Data excerpt:
- - - - -

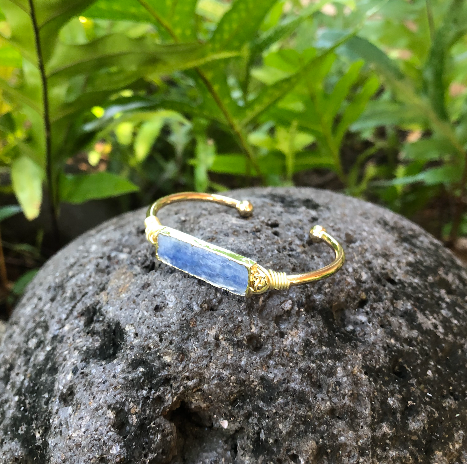 Kyanite Gemstone Gold Bar Bangle Cuff Bracelet ~ "Spiritual Awakening & Astral Travel"
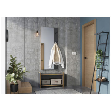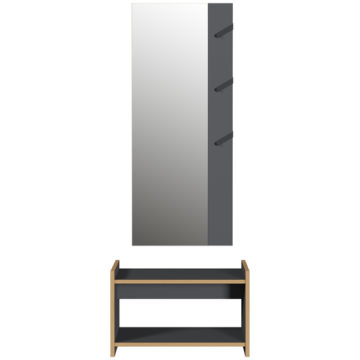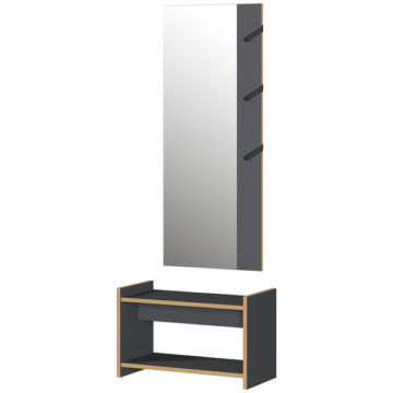 Predsoblje se sastoji od ormarića/klupe za cipele i velikog ogledala. Na ogledalo su dodane i vješalice za kapute i drugu odjeću. Ispod klupe je mjesto za odlaganje cipela ili drugih stvari. Zaštićen je sa melaminom koji je otporan na prašinu i ogrebotine i ima ABS robni trak.
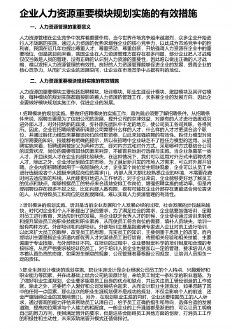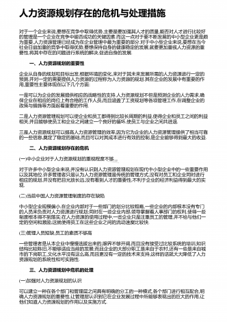 人力资源规划存在的危机与处理措施对于一个企业来说,要想在竞争中取得优势,主要是要加强其人才的质量,能否对人才进行比较好的管理是一个企业在竞争中能否成功的关键因素.而这一点对于要不断发展的中小型企业更是颇为重要,人力资源管理已经成为在企业管理中最为重要的部分.对于中小型企业来说,要想在当今社会日益加重的竞争中取得优势,要想保持自身的健康稳定的发展,就要更加重视人力资源的重要性,将其中存在的问题进行系统的解决,促进自身的发展. 一、人力资源规划的重要性企业从自身的规划和目标出发,根据环境的变化,来...

- - - - -

Activity:
Apart from the pictures, every line of the material above is to be returned word for word.

Response to the exercise:
 Kyanite Gemstone Gold Bar Bangle Cuff Bracelet ~ "Spiritual Awakening & Astral Travel"
 Predsoblje se sastoji od ormarića/klupe za cipele i velikog ogledala. Na ogledalo su dodane i vješalice za kapute i drugu odjeću. Ispod klupe je mjesto za odlaganje cipela ili drugih stvari. Zaštićen je sa melaminom koji je otporan na prašinu i ogrebotine i ima ABS robni trak.
 人力资源规划存在的危机与处理措施对于一个企业来说,要想在竞争中取得优势,主要是要加强其人才的质量,能否对人才进行比较好的管理是一个企业在竞争中能否成功的关键因素.而这一点对于要不断发展的中小型企业更是颇为重要,人力资源管理已经成为在企业管理中最为重要的部分.对于中小型企业来说,要想在当今社会日益加重的竞争中取得优势,要想保持自身的健康稳定的发展,就要更加重视人力资源的重要性,将其中存在的问题进行系统的解决,促进自身的发展. 一、人力资源规划的重要性企业从自身的规划和目标出发,根据环境的变化,来...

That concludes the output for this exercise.